Flash forward to the week of Dec. 20, 2021, and a “Christmas comet” is streaking through the evening sky.

Comet Leonard, or C/2021 as it’s officially known, is the brightest comet of 2021. The celestial object actually made its closest approach to Earth on Dec. 12, when it was about 21 million miles away from our planet.

However, stargazers can still catch this once-in-a-lifetime sighting this week as it passes through the solar system, according to Gregory Leonard, a senior research specialist at the University of Arizona’s Lunar and Planetary Laboratory. Leonard first discovered the comet earlier this year and it’s named after him.

Originally visible in the dark skies before sunrise, Leonard can now be seen in the evening sky and is best viewed at twilight.

“Beginning Dec. 13, this comet will appear very low above the horizon just after sunset,” Leonard explained in a U of A news release. “It will skim across the west-southwestern horizon between now up until around Christmastime.”

And while the comet has since flown by Venus, reports indicate that the celestial object has been steadily brightening, making it even potentially visible to the naked eye.

As Space.com notes, though, it may still be tricky to see Comet Leonard without the aid of a telescope or binoculars for two reasons: the comet’s current placement and the moon.

C/2021 is visible low and near the southwestern horizon, with the best viewing time around an hour or so after sunset. That means the comet is competing with the fading light of dusk as opposed to the pitch black background of a clear night sky — a less than ideal situation to spot the small, bright object.

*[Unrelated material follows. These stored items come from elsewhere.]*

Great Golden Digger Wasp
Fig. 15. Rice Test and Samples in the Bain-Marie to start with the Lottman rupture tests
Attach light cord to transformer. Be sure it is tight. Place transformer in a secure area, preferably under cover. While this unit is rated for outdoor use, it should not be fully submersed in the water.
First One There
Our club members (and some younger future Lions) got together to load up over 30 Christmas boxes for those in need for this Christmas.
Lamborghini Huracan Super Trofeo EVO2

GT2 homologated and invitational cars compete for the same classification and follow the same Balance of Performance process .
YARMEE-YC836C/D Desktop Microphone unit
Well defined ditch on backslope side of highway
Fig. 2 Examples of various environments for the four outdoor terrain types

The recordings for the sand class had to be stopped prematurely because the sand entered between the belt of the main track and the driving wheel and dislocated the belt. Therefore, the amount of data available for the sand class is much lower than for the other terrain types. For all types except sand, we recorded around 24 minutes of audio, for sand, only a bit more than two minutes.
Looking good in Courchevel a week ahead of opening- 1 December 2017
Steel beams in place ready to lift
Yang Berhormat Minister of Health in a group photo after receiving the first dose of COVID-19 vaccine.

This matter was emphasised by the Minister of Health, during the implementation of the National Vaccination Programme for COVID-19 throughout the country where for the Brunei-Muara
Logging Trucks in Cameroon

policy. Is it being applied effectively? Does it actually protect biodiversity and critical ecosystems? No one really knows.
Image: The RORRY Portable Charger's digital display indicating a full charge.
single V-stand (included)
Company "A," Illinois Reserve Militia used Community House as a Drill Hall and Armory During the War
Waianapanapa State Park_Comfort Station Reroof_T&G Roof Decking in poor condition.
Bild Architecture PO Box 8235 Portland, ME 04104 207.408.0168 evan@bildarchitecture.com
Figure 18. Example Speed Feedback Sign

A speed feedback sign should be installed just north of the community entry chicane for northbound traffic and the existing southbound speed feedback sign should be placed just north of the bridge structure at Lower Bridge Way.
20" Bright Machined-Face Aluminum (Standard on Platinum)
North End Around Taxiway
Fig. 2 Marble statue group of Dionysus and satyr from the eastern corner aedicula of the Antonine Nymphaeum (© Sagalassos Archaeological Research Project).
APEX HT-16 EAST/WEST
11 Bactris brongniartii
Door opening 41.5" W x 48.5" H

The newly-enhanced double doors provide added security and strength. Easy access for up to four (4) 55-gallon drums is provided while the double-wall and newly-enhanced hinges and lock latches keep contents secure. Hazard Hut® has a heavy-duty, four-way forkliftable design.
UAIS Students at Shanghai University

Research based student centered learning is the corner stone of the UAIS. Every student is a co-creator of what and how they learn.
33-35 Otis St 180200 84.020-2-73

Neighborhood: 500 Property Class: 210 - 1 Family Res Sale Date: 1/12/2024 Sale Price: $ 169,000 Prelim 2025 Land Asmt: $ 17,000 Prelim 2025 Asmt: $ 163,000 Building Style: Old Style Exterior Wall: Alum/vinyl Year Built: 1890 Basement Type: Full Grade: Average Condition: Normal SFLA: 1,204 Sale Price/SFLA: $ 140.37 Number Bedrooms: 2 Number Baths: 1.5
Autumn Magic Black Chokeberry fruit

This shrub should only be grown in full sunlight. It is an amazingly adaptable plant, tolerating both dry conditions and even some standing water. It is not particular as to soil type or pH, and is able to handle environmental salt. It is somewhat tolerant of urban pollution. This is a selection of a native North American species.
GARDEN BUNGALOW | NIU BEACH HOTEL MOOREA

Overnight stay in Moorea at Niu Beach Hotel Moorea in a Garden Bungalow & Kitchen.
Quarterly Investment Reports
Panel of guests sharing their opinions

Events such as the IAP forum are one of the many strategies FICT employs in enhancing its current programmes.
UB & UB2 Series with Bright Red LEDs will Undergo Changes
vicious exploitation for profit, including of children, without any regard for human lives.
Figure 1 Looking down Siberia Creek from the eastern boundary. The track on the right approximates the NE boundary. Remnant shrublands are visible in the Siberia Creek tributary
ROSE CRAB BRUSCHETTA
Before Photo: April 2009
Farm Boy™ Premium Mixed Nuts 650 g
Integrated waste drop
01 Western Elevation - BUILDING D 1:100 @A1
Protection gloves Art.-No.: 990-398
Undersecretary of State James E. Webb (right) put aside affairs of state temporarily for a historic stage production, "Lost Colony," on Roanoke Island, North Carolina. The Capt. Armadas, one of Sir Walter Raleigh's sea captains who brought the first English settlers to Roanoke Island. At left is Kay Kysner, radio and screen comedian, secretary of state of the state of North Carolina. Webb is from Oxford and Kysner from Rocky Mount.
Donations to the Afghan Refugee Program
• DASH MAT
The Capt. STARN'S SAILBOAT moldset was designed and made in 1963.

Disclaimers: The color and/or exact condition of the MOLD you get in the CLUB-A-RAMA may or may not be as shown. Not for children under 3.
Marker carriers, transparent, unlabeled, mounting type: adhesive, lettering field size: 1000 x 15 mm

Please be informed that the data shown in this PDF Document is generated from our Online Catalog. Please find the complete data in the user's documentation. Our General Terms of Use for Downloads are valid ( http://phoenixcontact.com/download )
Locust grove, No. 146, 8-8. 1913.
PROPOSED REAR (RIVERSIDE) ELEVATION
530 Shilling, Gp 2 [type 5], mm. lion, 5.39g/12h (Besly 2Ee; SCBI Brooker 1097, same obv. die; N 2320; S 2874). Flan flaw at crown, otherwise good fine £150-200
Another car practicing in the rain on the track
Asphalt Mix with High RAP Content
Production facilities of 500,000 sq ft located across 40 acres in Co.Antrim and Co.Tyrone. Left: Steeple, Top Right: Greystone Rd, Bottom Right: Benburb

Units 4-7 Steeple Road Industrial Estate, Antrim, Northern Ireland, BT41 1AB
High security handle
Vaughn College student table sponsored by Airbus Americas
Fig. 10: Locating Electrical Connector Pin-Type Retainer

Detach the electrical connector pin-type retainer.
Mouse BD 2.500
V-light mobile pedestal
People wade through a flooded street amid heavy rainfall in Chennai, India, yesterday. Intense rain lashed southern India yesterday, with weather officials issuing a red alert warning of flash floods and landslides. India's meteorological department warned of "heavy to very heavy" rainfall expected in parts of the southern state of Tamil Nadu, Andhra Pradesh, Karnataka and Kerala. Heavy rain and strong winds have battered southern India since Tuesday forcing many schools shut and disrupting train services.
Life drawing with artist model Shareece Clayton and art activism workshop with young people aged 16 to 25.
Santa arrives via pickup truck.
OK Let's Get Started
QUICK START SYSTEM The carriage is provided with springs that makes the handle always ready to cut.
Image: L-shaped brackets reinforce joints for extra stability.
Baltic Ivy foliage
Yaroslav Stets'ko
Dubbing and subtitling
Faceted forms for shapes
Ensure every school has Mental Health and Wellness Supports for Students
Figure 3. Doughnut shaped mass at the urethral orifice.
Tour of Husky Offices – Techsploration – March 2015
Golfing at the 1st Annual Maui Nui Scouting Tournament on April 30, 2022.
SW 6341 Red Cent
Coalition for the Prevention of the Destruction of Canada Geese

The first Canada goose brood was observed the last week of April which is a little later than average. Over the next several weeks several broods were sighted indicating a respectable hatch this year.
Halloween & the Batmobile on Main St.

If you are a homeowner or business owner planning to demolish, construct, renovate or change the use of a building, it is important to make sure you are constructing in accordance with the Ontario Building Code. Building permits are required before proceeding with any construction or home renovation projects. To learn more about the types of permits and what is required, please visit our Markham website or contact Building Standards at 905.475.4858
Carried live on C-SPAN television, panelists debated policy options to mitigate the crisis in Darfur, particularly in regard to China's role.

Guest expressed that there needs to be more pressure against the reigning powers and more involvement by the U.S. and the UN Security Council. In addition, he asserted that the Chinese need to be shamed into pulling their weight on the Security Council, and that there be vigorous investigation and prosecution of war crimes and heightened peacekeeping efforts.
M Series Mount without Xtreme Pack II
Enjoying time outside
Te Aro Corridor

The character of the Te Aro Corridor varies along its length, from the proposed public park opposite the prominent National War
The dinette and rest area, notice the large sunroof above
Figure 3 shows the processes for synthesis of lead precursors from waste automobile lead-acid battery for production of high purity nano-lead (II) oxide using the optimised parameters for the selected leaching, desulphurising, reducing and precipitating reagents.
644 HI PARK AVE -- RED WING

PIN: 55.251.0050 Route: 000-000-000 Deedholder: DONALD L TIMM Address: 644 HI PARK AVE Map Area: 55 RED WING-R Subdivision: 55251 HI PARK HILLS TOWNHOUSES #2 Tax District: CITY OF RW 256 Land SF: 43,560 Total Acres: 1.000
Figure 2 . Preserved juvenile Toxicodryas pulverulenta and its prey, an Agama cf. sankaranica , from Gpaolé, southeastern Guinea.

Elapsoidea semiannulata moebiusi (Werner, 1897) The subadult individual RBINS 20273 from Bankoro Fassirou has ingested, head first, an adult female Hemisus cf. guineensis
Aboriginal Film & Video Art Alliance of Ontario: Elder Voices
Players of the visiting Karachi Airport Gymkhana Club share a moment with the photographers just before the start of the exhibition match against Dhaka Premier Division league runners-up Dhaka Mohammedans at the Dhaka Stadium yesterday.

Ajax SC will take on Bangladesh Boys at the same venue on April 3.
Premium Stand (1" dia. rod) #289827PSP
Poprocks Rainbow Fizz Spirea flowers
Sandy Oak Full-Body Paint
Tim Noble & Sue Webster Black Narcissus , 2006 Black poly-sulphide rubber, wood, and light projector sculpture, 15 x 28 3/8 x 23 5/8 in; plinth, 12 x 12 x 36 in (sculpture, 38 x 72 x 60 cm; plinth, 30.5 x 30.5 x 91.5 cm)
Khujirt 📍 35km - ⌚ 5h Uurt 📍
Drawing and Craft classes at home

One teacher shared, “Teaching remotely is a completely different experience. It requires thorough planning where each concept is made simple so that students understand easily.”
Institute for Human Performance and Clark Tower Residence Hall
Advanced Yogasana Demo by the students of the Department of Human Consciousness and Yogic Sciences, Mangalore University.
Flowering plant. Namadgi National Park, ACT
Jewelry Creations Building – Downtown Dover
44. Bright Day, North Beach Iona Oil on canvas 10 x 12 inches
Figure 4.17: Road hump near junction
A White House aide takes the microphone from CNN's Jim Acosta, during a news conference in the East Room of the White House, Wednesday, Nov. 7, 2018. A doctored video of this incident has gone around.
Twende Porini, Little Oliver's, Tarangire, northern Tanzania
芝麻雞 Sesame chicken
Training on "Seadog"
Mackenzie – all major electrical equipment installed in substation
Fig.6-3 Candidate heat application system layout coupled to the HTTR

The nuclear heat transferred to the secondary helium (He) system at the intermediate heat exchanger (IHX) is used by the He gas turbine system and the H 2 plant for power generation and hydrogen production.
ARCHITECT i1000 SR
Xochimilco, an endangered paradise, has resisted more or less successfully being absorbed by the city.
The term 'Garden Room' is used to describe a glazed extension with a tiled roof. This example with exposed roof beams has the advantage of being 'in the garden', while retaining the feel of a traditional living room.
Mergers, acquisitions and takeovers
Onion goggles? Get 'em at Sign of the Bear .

The second viewing challenge is the moon, which remains nearly full and is adding further illumination to the evening sky when it rises.

However, skygazers will likely get an assist from “evening star” Venus, which currently appears prominently in the southwestern sky at twilight and may make it easier to spot Comet Leonard, according to the University of Arizona.

“I feel there is going to be something to be seen even for the casual observer,” Leonard said. “Find yourself a dark sky with a good view of the horizon, bring binoculars and I think you may be rewarded.”

The comet will progressively dim as it heads toward and passes the sun, something that is expected to happen around Jan. 3, 2022.

Leonard last flew by Earth about 80,000 years ago, so if you miss the comet this time around, you won’t get another chance to glimpse it in your lifetime.

“This is the last time we are going to see the comet,” Leonard said. “It’s speeding along at escape velocity, 44 miles per second. After its slingshot around the sun, it will be ejected from our solar system, and it may stumble into another star system millions of years from now.”